Nonlinear seismic response analysis of high-rise flat plate buildings

Abstract

Modern seismic codes allow engineers to design high-rise flat plate buildings, together with an appropriate lateral load resisting system, in regions of high seismicity. Despite increased popularity and usage of the flat plate system in highly seismic zones, slab-column connection design checks are conducted only using a capacity design approach during the design process. Furthermore, nonlinear behavior of slab-column connections is ignored in performance-based design or assessment processes, due to limitations of commercial analysis programs. Therefore, this study was conducted to investigate nonlinear behavior characteristics of flat-plate systems, including slab flexural yielding in column strips, slab flexural yielding in the moment transfer ( 5ch ) region, and possible punching shear failure in the flat plate. In this study, nonlinear response history analyses are conducted on different 3D building model configurations. Slabs are represented using equivalent beam elements (effective beams) in three model configurations.

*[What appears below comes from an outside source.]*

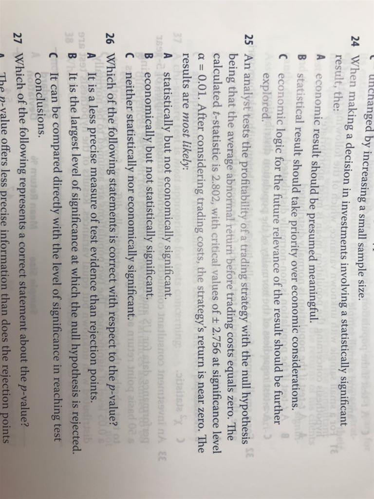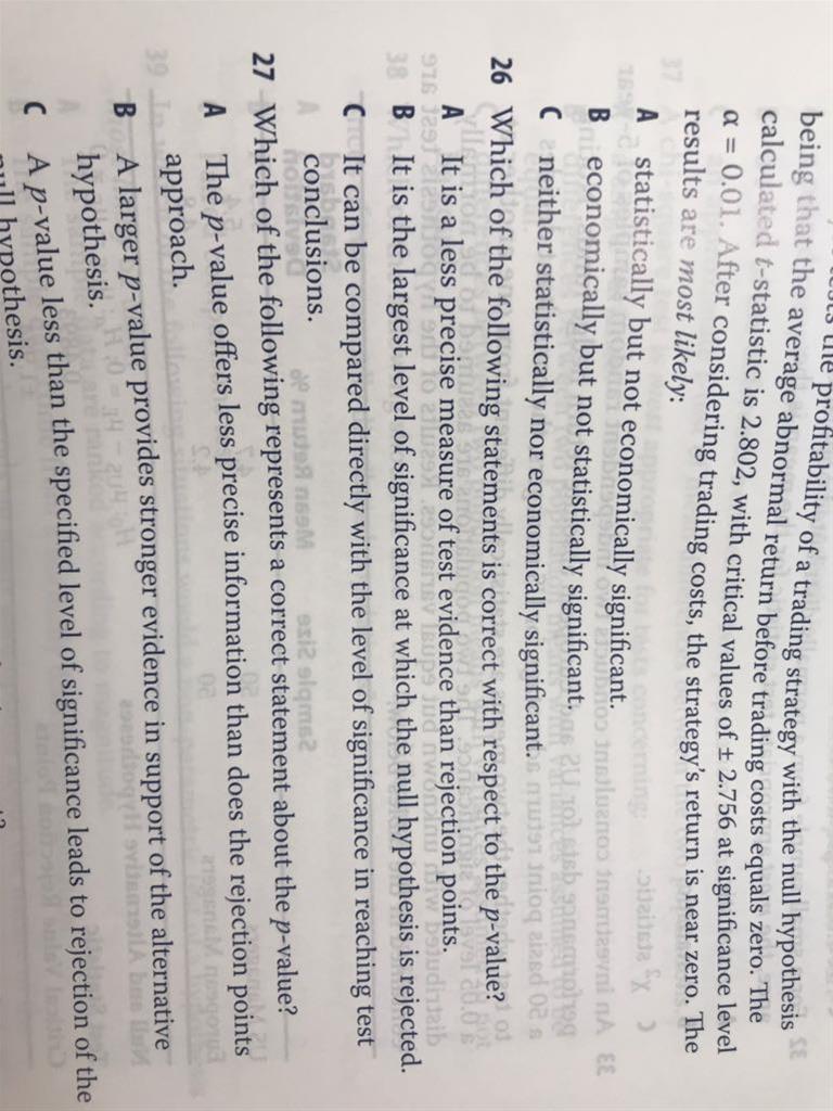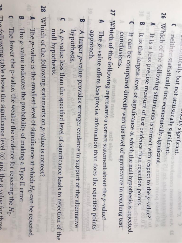 T27 b选项错在哪?c选项中p value大于specified level if significance不是也能rejecte 吗?题中也没说单尾双尾
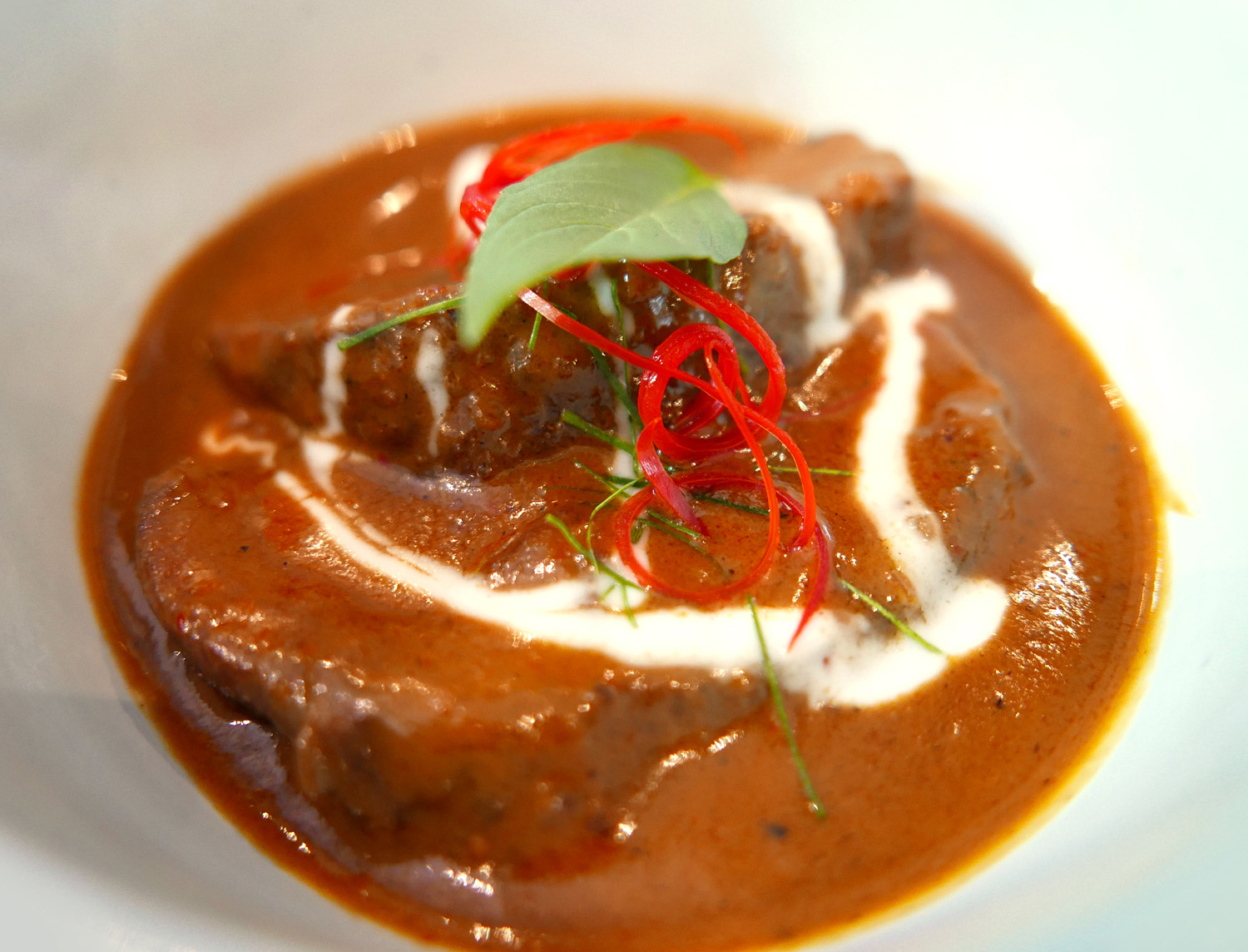 Grain fed Australian Veal cheek simmered in house blended spices , Hand pressed Coconut Milk and Kaffir Lime leaves.

Two additional nonlinear model configurations, one with rigid diaphragm constraints and without any slab elements, and the other with elastic slab elements, are generated as alternative solutions to effective beam modeling of slabs, for checking interstory drift ratios. Three effective beam models are created to compare different modeling and design approaches in various design codes including TEC 2018, ACI 318 and ASCE 41. The so-called overstrength factor is considered as key parameter in two of these models, where overstrength in calculation of slab punching stresses is included in the design process of one model, whereas it is neglected in the other. The last model is created according to design provisions of the new TEC 2018. The nonlinear analysis results show that all five models satisfy necessary strength, stiffness and ductility requirements, though they necessitate different slab reinforcement amounts at the slab-column connections. However, significantly larger column cross-sectional dimensions are required for the model designed according to TEC 2018.